== Segment start ==
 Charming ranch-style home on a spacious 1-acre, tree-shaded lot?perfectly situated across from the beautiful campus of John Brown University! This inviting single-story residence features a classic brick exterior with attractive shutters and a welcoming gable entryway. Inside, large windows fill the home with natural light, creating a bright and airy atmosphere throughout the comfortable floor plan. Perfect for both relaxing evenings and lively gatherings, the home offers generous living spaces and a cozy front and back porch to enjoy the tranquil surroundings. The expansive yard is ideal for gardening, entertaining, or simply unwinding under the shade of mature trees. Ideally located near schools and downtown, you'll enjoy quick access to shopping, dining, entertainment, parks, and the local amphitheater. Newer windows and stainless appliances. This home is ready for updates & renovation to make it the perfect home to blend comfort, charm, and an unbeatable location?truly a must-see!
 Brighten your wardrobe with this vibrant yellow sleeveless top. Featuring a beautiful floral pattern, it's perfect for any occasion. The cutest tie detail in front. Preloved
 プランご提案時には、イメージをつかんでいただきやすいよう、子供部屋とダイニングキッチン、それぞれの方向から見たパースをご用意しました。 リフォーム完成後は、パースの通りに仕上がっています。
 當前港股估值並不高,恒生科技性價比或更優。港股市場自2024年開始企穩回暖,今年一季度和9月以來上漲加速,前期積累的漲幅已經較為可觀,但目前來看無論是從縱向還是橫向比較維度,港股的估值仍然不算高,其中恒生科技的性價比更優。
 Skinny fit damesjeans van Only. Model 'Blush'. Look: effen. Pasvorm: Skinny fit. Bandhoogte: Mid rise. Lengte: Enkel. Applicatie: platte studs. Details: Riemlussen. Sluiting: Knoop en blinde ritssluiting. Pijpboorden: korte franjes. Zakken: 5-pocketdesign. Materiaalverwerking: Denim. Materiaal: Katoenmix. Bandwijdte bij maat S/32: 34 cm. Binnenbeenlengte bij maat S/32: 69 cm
== Segment end ==
== Segment start ==
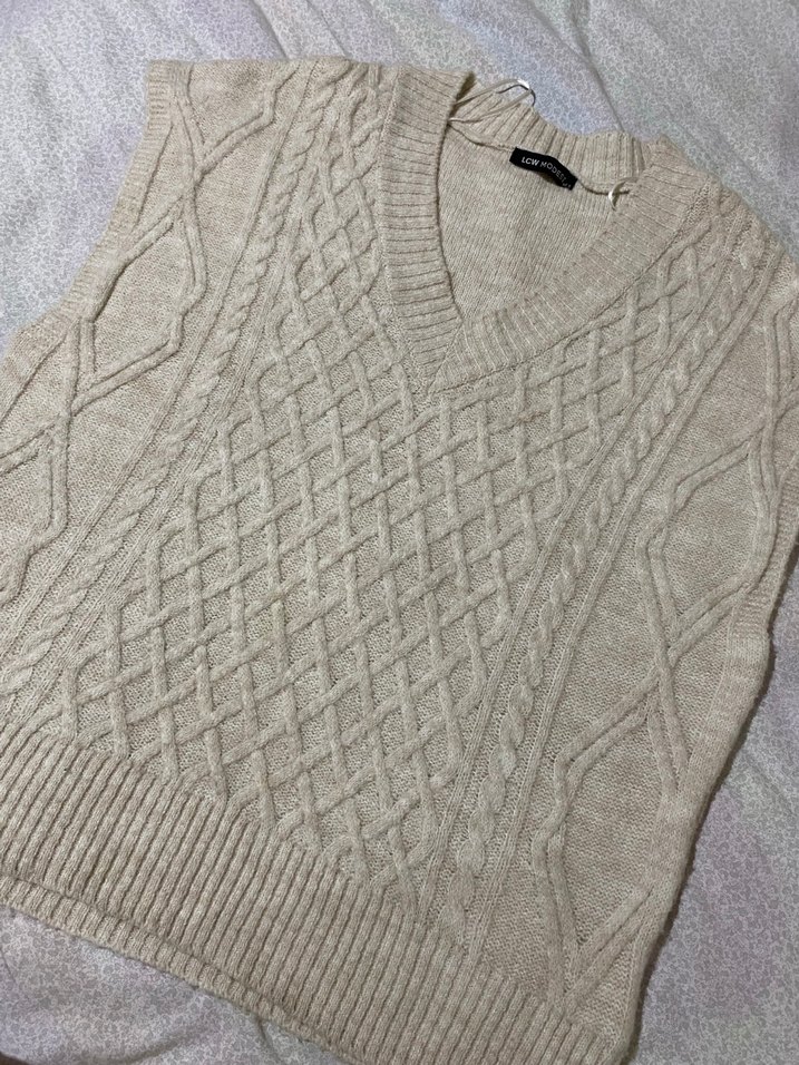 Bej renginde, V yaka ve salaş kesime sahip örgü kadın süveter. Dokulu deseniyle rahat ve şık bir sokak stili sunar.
== Segment end ==
== Segment start ==
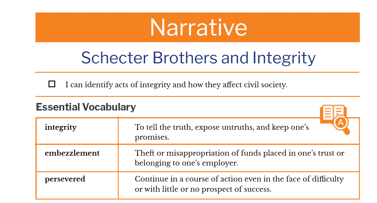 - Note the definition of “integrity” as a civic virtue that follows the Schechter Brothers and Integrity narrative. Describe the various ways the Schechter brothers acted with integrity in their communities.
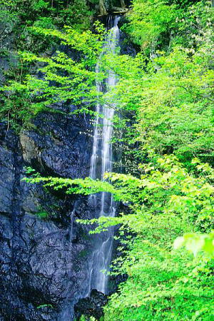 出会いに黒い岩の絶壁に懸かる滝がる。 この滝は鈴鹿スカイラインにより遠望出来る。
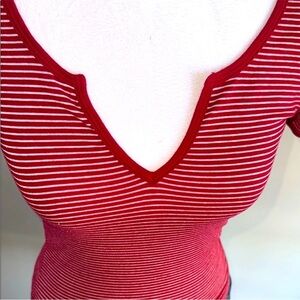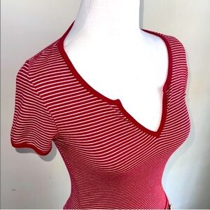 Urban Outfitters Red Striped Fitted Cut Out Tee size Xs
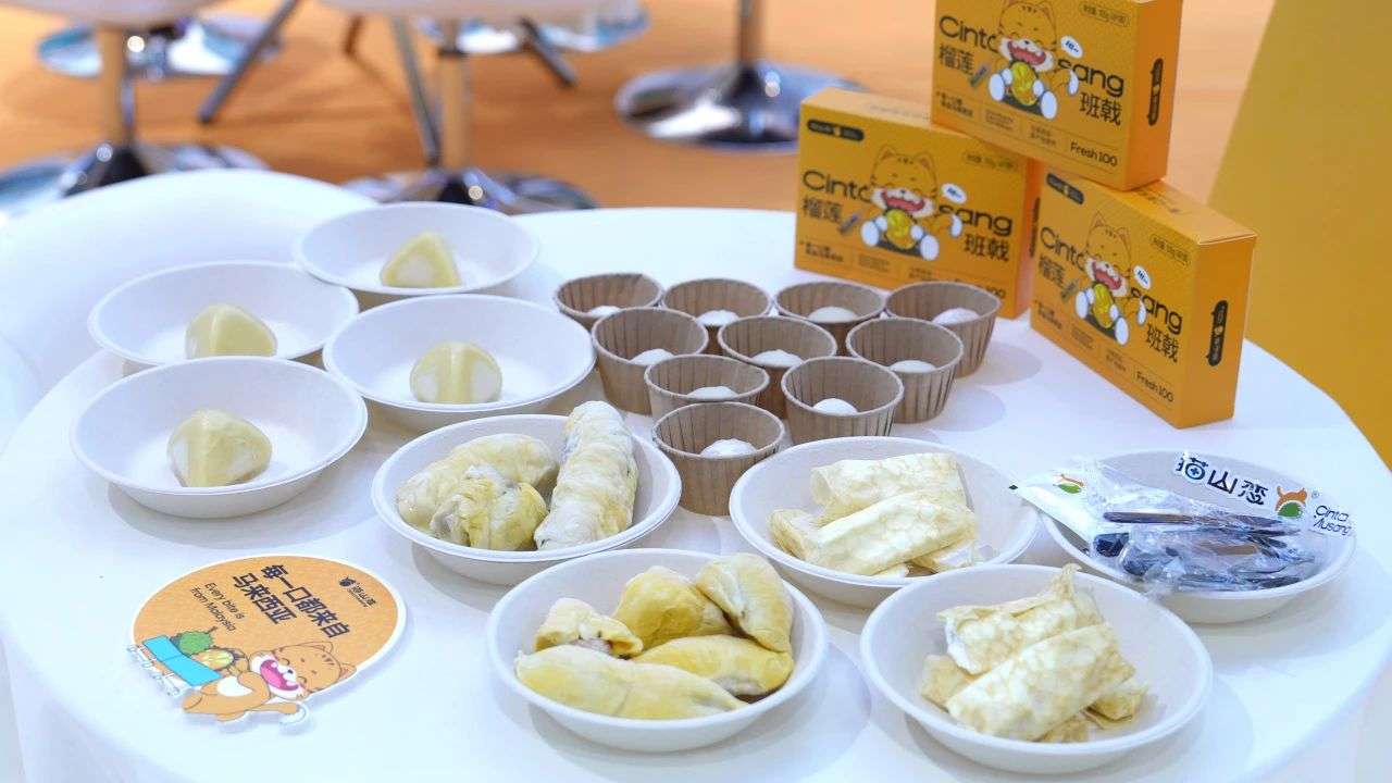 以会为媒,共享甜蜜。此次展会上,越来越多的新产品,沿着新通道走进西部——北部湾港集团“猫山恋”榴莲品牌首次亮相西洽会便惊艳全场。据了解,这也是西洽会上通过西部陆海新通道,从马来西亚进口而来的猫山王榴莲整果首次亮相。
== Segment end ==
**What the exercise asks:** Print exactly the lines above, between the one holding "プランご提案時には、イメージ" and the one holding "當前港股估值並不高,恒生科技", inclusive, and nothing besides.

**Completed exercise:**
 プランご提案時には、イメージをつかんでいただきやすいよう、子供部屋とダイニングキッチン、それぞれの方向から見たパースをご用意しました。 リフォーム完成後は、パースの通りに仕上がっています。
 當前港股估值並不高,恒生科技性價比或更優。港股市場自2024年開始企穩回暖,今年一季度和9月以來上漲加速,前期積累的漲幅已經較為可觀,但目前來看無論是從縱向還是橫向比較維度,港股的估值仍然不算高,其中恒生科技的性價比更優。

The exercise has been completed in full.